Discussion in 'sandboxing & virtualization' started by Essentials, Jun 2, 2011.

Thread Status:
Not open for further replies.
  1. Essentials

    Essentials Registered Member

    Joined:
    Mar 21, 2011
    Posts:
    49
    Hi,

    I always use firefox sandboxed, my question is, imagine my sandbox gets infected, I have my sandbox configured to autodelete when ever I close firefox. My system will not get infected, but what about if the malware´s objective is to steal information? I have my documents blocked. What else should I block? Where is other sensitive information located(if there is)?

    Thanks
     
  2. moontan

    moontan Registered Member

    Joined:
    Sep 11, 2010
    Posts:
    3,931
    Location:
    Québec
    if you haven't already you should use restrictions for Start/Run and Internet Access for both firefox.exe and plugin-container.exe

    you might also wants to include dllhost.exe and rundll32.exe
     
  3. cheater87

    cheater87 Registered Member

    Joined:
    Apr 22, 2005
    Posts:
    3,124
    Location:
    Pennsylvania.
    As long as your have your browser as one of the only things having internet/running privileges then the malware would die due to having no ability to run or connect to the host to send back data.
     
  4. Essentials

    Essentials Registered Member

    Joined:
    Mar 21, 2011
    Posts:
    49
    @moontan:
    Hi, yes I have restrictions for start/run and internet access.
    start/run: firefox.exe, plugin-container.exe and acrobat.exe
    internet access:firefox.exe, plugin-container.exe

    @cheater87: I have read that malware is able to gain internet access using other programs, for example firefox. I am not sure how do they do this, I am not an expert.....
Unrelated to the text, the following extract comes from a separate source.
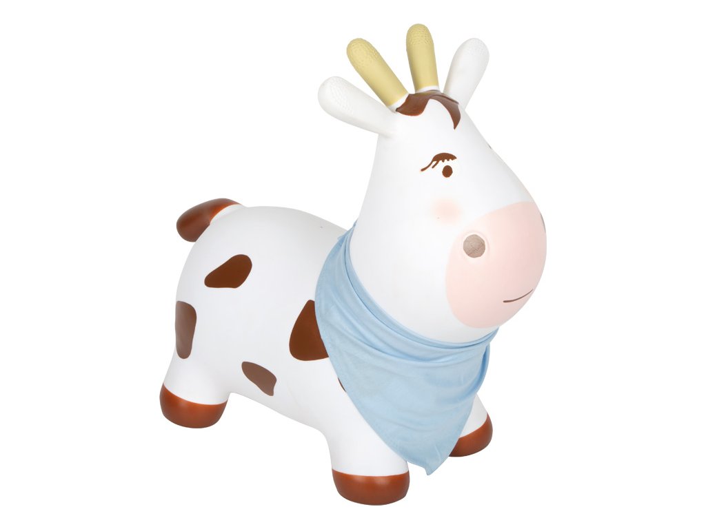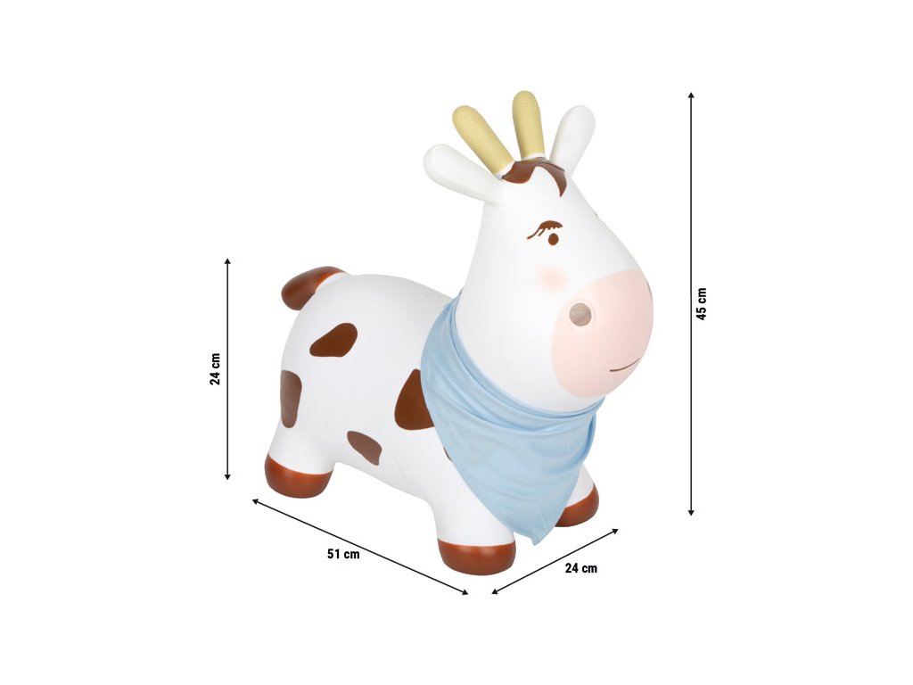 Roztomilé nafukovací skákací zvířátko ve tvaru roztomilé kravičky přináší dětem spoustu pohybu a zábavy doma i venku. Díky svému milému designu a měkkému bavlněnému šátku si ho děti okamžitě zamilují.Zvířátko má praktické uchopitelné uši, které zajišťují bezpečné držení při skákání. Je vyrobeno z odolného, snadno omyvatelného materiálu. Součástí balení je pumpička pro jednoduché nafouknutí.S nosností až 50 kg a výškou sedáku přibližně 24 cm je ideální pro menší děti, které si chtějí užít aktivní pohyb. Skákací kravička zároveň pomáhá rozvíjet svaly zad, trupu a nohou a trénuje rovnováhu a koordinaci. Hlavní vlastnosti: nafukovací skákací zvířátko ve tvaru kravičkyvhodné pro vnitřní i venkovní použitísoučástí balení je nafukovací hopsadlo, bavlněný šátek a pumpičkauchopitelné uši pro bezpečné držení při skákánívyrobeno z odolného, snadno čistitelného materiálunosnost až 50 kgvýška sedáku cca 24 cmpomáhá rozvíjet svaly zad, trupu a nohoutrénuje rovnováhu a koordinaci pohybů

    So reading your posts I think I am fine with my configuration. Thanks
     
  5. moontan

    moontan Registered Member

    Joined:
    Sep 11, 2010
    Posts:
    3,931
    Location:
    Québec
    btw, does anyone if it's safe to allow dllhost.exe and rundll32.exe?

    i know those are needed is some cases; right click context, choosing folders and such.
     
  6. ExtremeGamerBR

    ExtremeGamerBR Registered Member

    Joined:
    Aug 3, 2010
    Posts:
    1,115
    If it's safe I do not know, but are essential for everyday browsing, so they can perform here in my box.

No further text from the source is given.